Ingredients- 1 medium pumpkin
- 2 medium potatoes
- 2 cups milk (approx. 400ml)
- 1/3 small onion
- 2 dried shiitake mushrooms or 2 fresh shiitake mushrooms
- 1 tablespoon unsalted butter
- 1 teaspoon minced garlic
Cooking Instructions
Step 1
First, peel the potatoes and cut them into bite-sized cubes. Place the cubed potatoes in a microwave-safe dish with about 1/3 cup of water and microwave for 4 minutes until softened. This will make them easier to mash.
Step 2
Wash the pumpkin thoroughly, remove the stem, and microwave for about 4-5 minutes. This softens the pumpkin, making it easier to scoop out the insides and reducing cooking time. After microwaving, carefully cut off the top part to create a lid.
Step 3
Now, it’s time to scoop out the pumpkin’s insides. Use a spoon to scrape out all the seeds and stringy fibers until the cavity is clean. Hollowing out the pumpkin creates enough space to fill it with soup.
Step 4
Transfer the microwaved potatoes to a pot. Use a spoon or a masher to gently mash them until smooth. It’s important to mash them finely without any large lumps.
Step 5
Add 2 cups of milk (approx. 400ml) to the mashed potatoes and place the pot over medium-low heat.
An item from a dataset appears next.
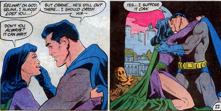 Batman continued to remain active after World War II and the public disbanding of the Justice Society due to the unwillingness of costumed heroes to reveal their secret identities demanded by the Federal Government investigative committee. In the early to mid 1950s Bruce confronted the Scarecrow in a case that caused him to seek out the help of his one time foe Selina Kyle, the Catwoman. Upon a promise of early parole for her, Kyle aided Batman. During the course of this case, the two finally acknowledged their true feelings for each other and Batman revealed his true identity to her. When Selina Kyle was finally released from prison, Bruce Wayne accepted her. The two wed soon thereafter. Selina gave birth to thier daughter, Helena.

Whisk or stir well with a spatula to ensure the milk and mashed potatoes are evenly combined without any lumps.
Step 6
Finely chop the onion. Add the chopped onion to the pot and cook together. The onion will add a deeper flavor to the soup.
Step 7
Finely chop the shiitake mushrooms (you can also rehydrate dried ones for extra flavor). Add the chopped mushrooms, 1 teaspoon of minced garlic, and 1 tablespoon of unsalted butter to enhance the soup’s aroma and taste.
Step 8
Start heating the soup over high heat. Once it begins to bubble, immediately reduce the heat to medium-low. It’s crucial to stir frequently with chopsticks or a spatula to prevent the soup from sticking to the bottom of the pot. Simmer for about 5-7 minutes until the ingredients are well blended.
Step 9
Once the soup reaches a thick consistency, carefully fill about 80% of the hollowed-out pumpkin with the potato soup. Be mindful not to overfill, as it might bubble over.
Step 10
Place the pumpkin lid back on and microwave for another 7-8 minutes. This will ensure the pumpkin is tender and heated through. To serve, scoop out the soft pumpkin flesh and mix it well with the soup. The combination is incredibly delicious, like honey!